Hidden Figures – Opening Sequence
We’d been waiting for Hidden Figures for a long time – and it did not disappoint. The story of three of the African-American mathematician women who played a key role in the development of NASA’s space program starred Taraji P. Henson, Octavia Spencer and Janelle Monae – working from a script by Allison Schroeder and director Theodore Melfi. It’s the narrative and directorial choice of opening sequence that creates this ‘Best Movie Moment,’ though.
The film starts with the three women – Katherine G. Johnson (Henson), Dorothy Vaughan (Spencer), and Mary Jackson (Monae) – on their way to work at NASA. The car they are sharing has broken down, though, and we meet them just as they’re debating their next course of action and working to fix the vehicle.
Firstly, it’s the perfect way to introduce these characters, as they’re all vibrant, well-written women whose differences and similarities are effortlessly and elegantly teased out into the open through their dialogue. Secondly – in the most subtle of ways – the scene is constructed so that we suddenly realize that we’re seeing something rarely included in theatrically released movies – black women having a conversation with each other. By simply opening the film with a conversation in this way, Melfi demonstrates the absurdity of its scarcity elsewhere in the medium.
Thirdly, as the scene progresses, and a white police officer arrives to investigate the reason for them having stopped by the roadside, the distressing nature of the wider reality in which these women live is deftly revealed. This is accomplished by a tonal shift that ripples through the performance of each actress, the music, sound, camera-work, and dialogue in a matter of seconds – taking us from a group of characters comfortably chatting among themselves, to the same group experiencing a combination of fear and resentment at the behaviour of a white man.

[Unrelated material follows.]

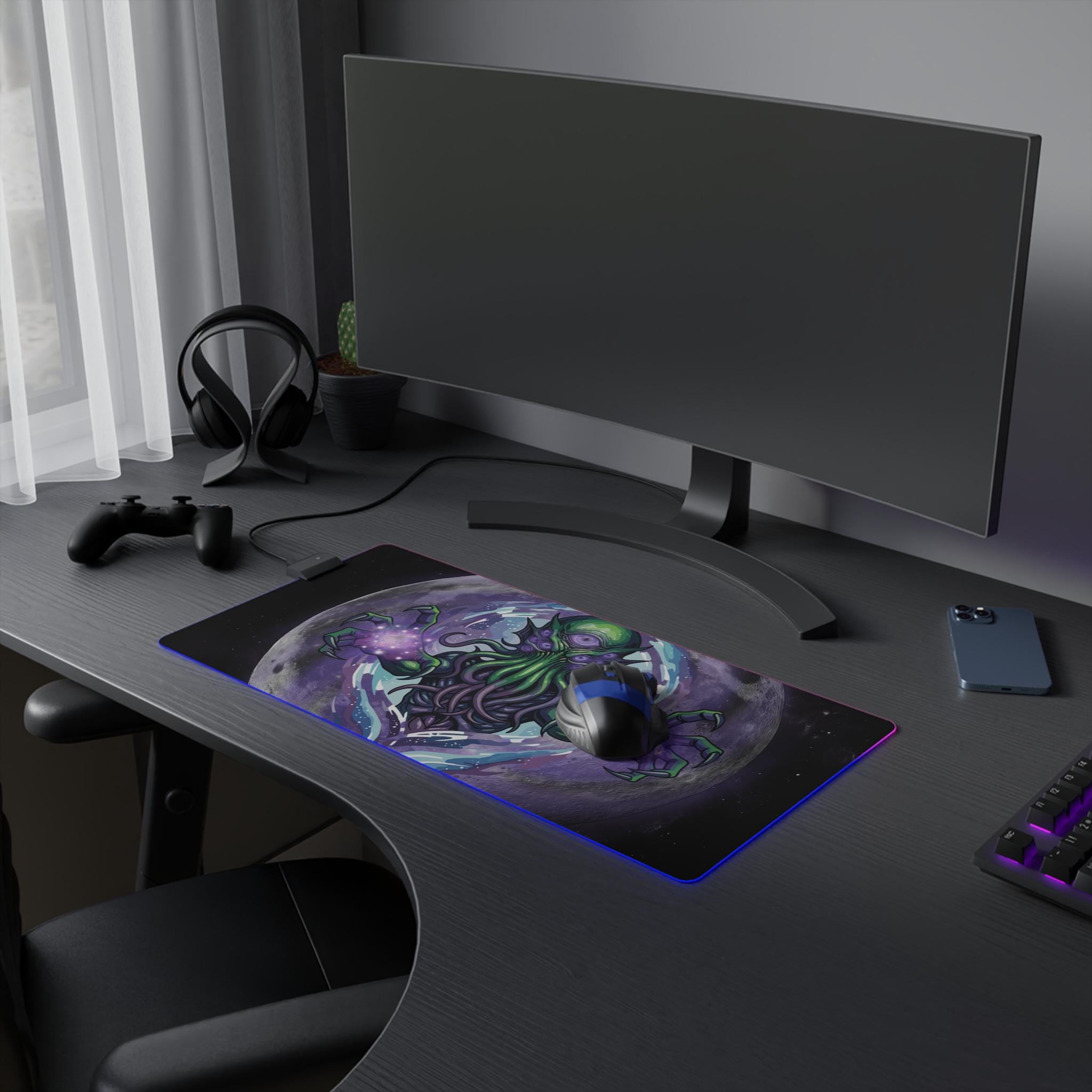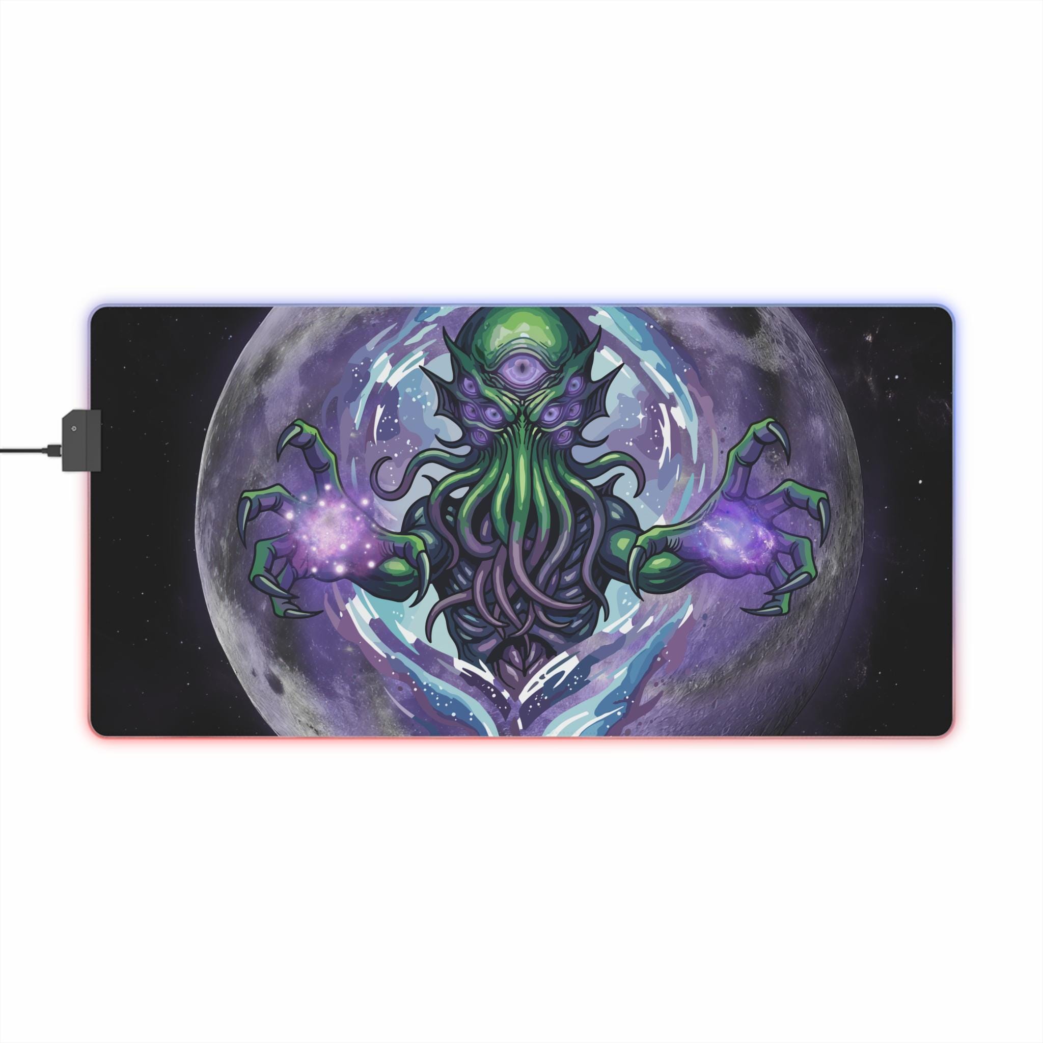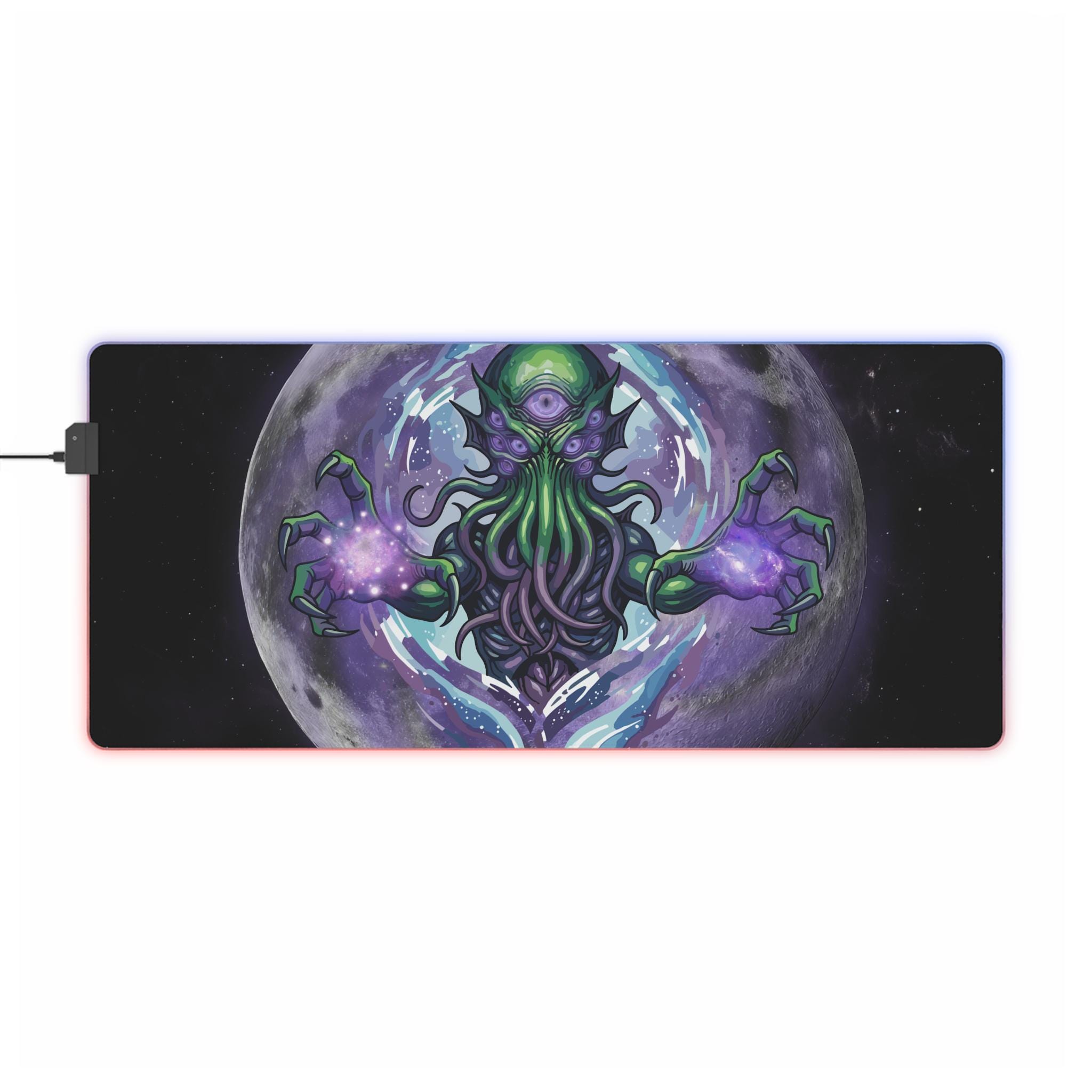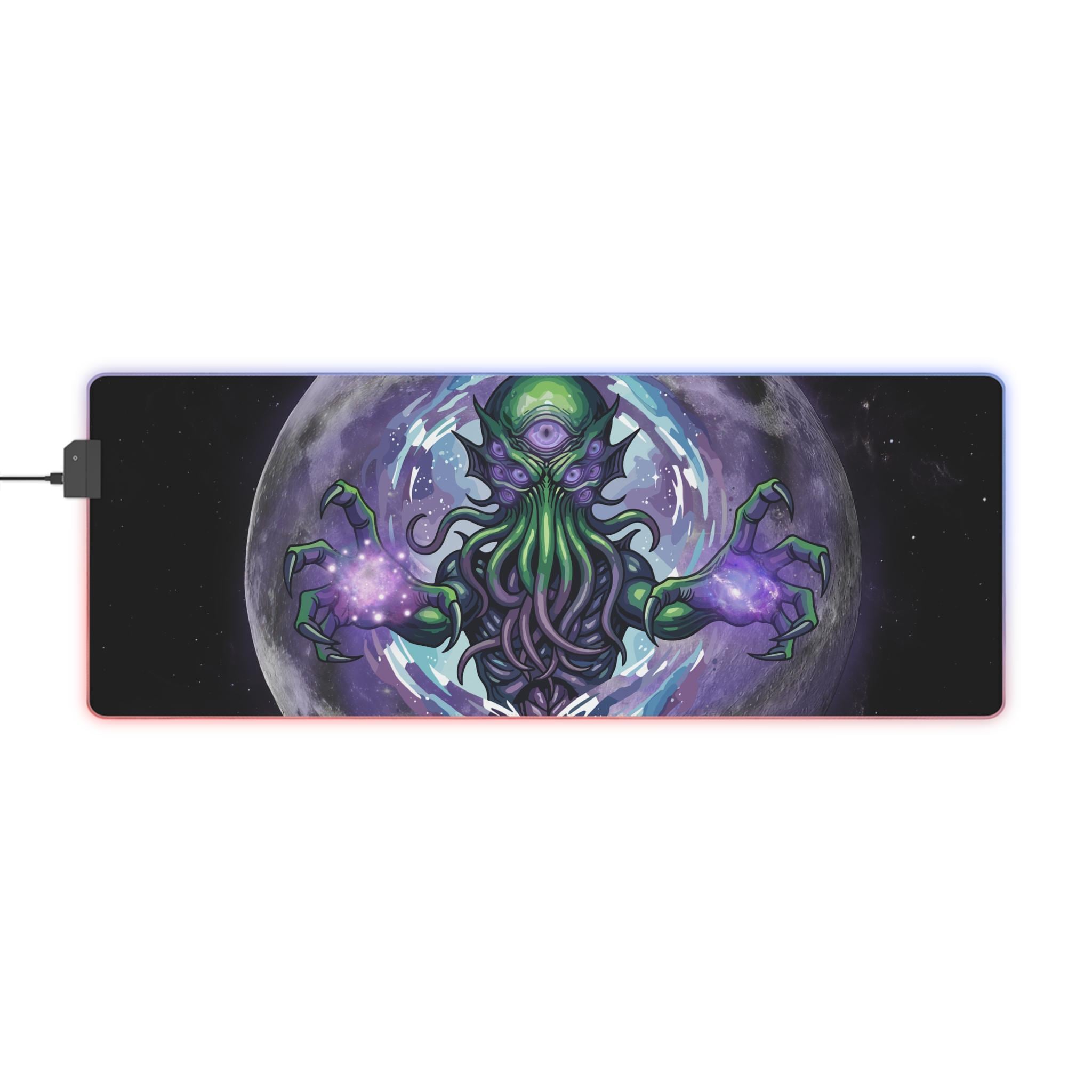 This oversized LED gaming mouse pad brings atmosphere and performance to long sessions at the desk. The surface shows a vivid, otherworldly Cthulhu-inspired illustration with deep purples and greens, while an RGB light strip around the edges bathes your setup in selectable color. The smooth polyester face gives accurate mouse tracking, and the thick rubber base keeps the mat firmly in place during intense plays. Detachable USB connection and included micro USB cable make setup simple, and the bright print resists fading so the art stays bold night after night.

The sequence culminates in the police officer having to be convinced by these three women that they do, in fact, work for NASA, because he initially refuses to believe it’s possible. We feel the tone shift once more as he concedes that the three mathematicians are telling the truth, and he begins to treat them differently – helping them get to work. The entire thing unfolds over mere minutes – but we’ve already been on an emotional rollercoaster ride that promises to drive us through the rest of the movie. This opening sequence is indeed a masterclass in cinematic storytelling.